"Mrs. Dorn?"
"Yes."
"Sign here, second line."
A blank door again. The message read:
"I'll be home late. Don't worry. Erik."
CHAPTER III
Warren Lockwood was a man who wrote novels. He had lived in the Middle West until he was thirty-five and begun his writing at his desk in a real-estate office of which he had been until then a somewhat bored half owner.
During the months Erik Dorn had been working on the staff of "the New Opinion—an Organ of Liberal Thought," he had encountered Lockwood frequently—a dark-haired, rugged-faced man with a drawling, high-pitched masculine voice. Dorn liked him. He talked in the manner of a man carefully focusing objects into range. Lockwood was aware he had gotten under the skin of things. He talked that way.

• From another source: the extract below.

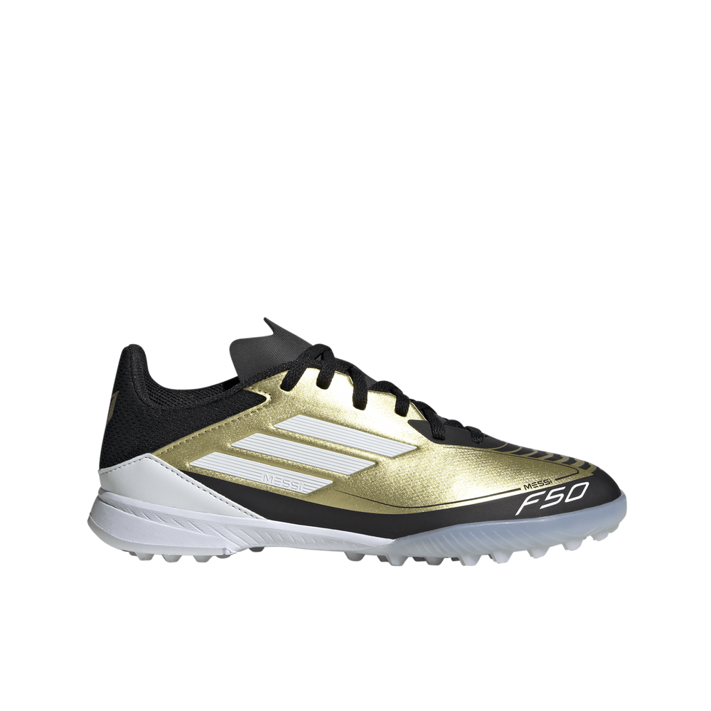 F50 speed, Messi style. In 2024, Lionel Messi's range of adidas football boots are crafted to match his preferences even more closely. The flexible HybridTouch upper on these juniors' F50 League boots includes a synthetic tongue for lightweight comfort. Underneath, a lug rubber outsole adds responsiveness on artificial turf.

The change from the newspaper to the magazine continued, after several months, to irritate Dorn. The leisureliness of his new work aggravated. There was an intruding sterility about it. The New Opinion was a weekly. From week to week it offered a growing clientèle finalities. There were finalities on the war, finalities on the social unrest; finalities on art, life, religion, the past, present, and future. A cock-sure magazine, gently, tolerantly elbowing aside the mysteries of existence and holding up between carefully manicured thumb and forefinger the Gist of the Thing. The Irrefutable Truth. The Perfect Deduction.